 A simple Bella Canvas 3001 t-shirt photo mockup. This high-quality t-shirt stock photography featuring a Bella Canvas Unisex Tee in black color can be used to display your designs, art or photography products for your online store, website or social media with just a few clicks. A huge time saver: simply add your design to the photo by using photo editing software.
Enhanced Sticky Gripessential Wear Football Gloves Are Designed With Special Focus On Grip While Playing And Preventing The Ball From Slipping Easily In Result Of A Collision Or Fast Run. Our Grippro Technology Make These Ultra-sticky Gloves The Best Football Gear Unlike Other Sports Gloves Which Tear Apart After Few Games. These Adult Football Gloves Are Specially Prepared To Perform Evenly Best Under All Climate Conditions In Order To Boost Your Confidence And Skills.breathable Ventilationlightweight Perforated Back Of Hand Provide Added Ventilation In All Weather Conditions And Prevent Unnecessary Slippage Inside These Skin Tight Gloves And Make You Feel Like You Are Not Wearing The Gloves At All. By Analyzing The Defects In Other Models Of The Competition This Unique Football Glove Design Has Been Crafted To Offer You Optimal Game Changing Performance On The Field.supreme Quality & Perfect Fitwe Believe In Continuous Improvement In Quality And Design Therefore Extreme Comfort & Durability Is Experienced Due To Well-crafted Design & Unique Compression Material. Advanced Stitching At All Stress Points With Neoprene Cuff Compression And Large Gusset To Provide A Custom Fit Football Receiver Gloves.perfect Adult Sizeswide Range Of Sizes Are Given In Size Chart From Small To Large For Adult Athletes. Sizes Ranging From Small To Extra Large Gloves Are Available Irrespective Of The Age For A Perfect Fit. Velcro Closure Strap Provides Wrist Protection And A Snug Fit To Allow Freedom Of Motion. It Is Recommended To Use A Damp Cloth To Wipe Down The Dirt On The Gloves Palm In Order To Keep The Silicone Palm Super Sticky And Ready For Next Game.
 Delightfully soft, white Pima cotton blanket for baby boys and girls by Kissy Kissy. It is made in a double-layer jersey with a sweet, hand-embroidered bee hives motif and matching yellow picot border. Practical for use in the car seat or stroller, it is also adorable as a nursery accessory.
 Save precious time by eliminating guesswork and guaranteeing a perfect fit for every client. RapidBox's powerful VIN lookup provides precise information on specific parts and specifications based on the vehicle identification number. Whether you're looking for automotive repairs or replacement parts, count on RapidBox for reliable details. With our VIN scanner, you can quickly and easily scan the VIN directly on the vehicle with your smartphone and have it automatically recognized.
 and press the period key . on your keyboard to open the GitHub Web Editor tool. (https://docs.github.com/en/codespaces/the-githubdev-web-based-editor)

...

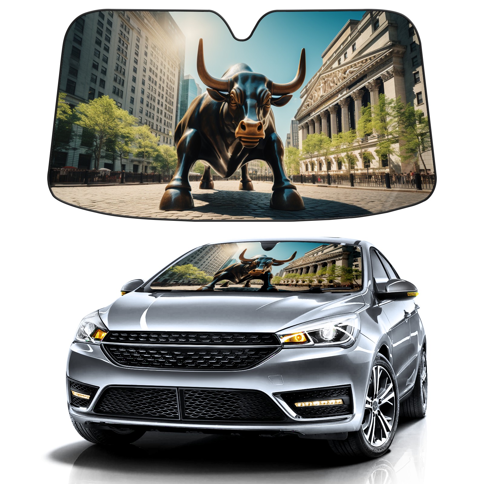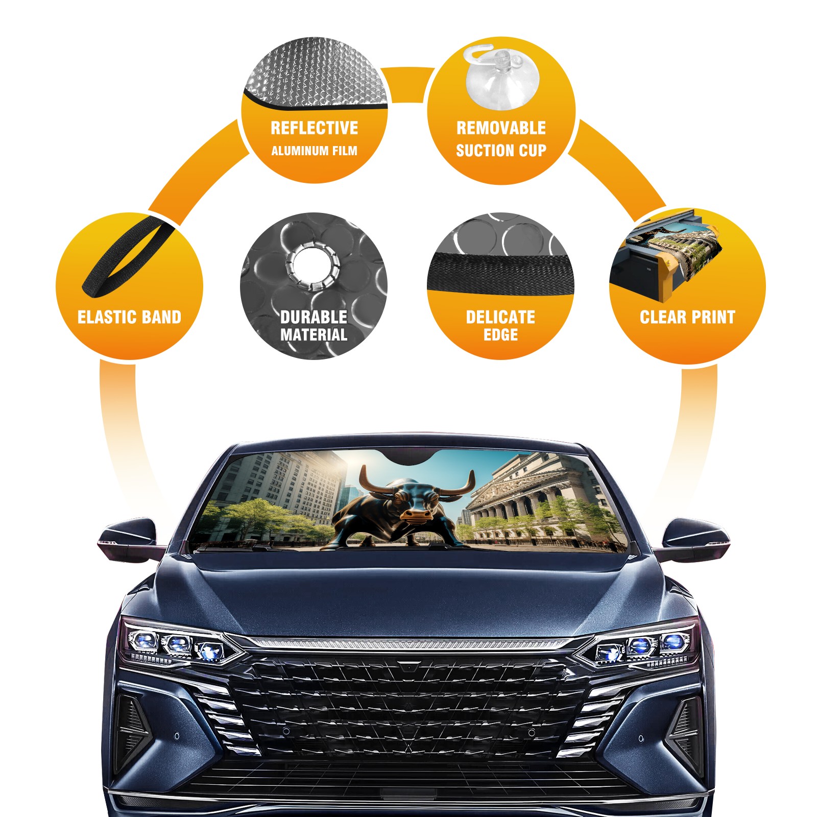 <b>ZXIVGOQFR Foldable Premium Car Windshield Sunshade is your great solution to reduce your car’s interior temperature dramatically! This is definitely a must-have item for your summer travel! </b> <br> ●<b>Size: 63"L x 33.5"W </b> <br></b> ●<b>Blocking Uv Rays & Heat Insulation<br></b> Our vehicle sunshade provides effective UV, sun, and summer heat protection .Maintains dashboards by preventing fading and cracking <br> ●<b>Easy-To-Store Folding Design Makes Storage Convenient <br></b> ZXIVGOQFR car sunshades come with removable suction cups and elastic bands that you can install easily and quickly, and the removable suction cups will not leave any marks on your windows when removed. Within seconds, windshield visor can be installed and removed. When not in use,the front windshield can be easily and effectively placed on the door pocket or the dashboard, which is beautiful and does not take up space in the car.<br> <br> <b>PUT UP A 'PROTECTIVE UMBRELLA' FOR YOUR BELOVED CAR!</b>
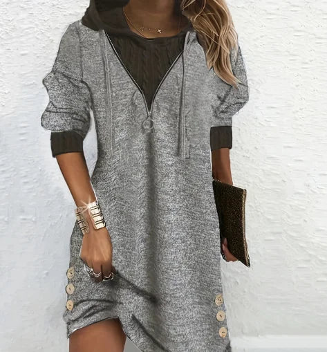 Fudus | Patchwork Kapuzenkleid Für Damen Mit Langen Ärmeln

### Exercise requirements
Only one stretch of the data above is needed. Restate it word for word, from the line containing "Enhanced Sticky Gripessential" through the line containing "Delightfully soft, white", both ends included.

### Finished task
Enhanced Sticky Gripessential Wear Football Gloves Are Designed With Special Focus On Grip While Playing And Preventing The Ball From Slipping Easily In Result Of A Collision Or Fast Run. Our Grippro Technology Make These Ultra-sticky Gloves The Best Football Gear Unlike Other Sports Gloves Which Tear Apart After Few Games. These Adult Football Gloves Are Specially Prepared To Perform Evenly Best Under All Climate Conditions In Order To Boost Your Confidence And Skills.breathable Ventilationlightweight Perforated Back Of Hand Provide Added Ventilation In All Weather Conditions And Prevent Unnecessary Slippage Inside These Skin Tight Gloves And Make You Feel Like You Are Not Wearing The Gloves At All. By Analyzing The Defects In Other Models Of The Competition This Unique Football Glove Design Has Been Crafted To Offer You Optimal Game Changing Performance On The Field.supreme Quality & Perfect Fitwe Believe In Continuous Improvement In Quality And Design Therefore Extreme Comfort & Durability Is Experienced Due To Well-crafted Design & Unique Compression Material. Advanced Stitching At All Stress Points With Neoprene Cuff Compression And Large Gusset To Provide A Custom Fit Football Receiver Gloves.perfect Adult Sizeswide Range Of Sizes Are Given In Size Chart From Small To Large For Adult Athletes. Sizes Ranging From Small To Extra Large Gloves Are Available Irrespective Of The Age For A Perfect Fit. Velcro Closure Strap Provides Wrist Protection And A Snug Fit To Allow Freedom Of Motion. It Is Recommended To Use A Damp Cloth To Wipe Down The Dirt On The Gloves Palm In Order To Keep The Silicone Palm Super Sticky And Ready For Next Game.
 Delightfully soft, white Pima cotton blanket for baby boys and girls by Kissy Kissy. It is made in a double-layer jersey with a sweet, hand-embroidered bee hives motif and matching yellow picot border. Practical for use in the car seat or stroller, it is also adorable as a nursery accessory.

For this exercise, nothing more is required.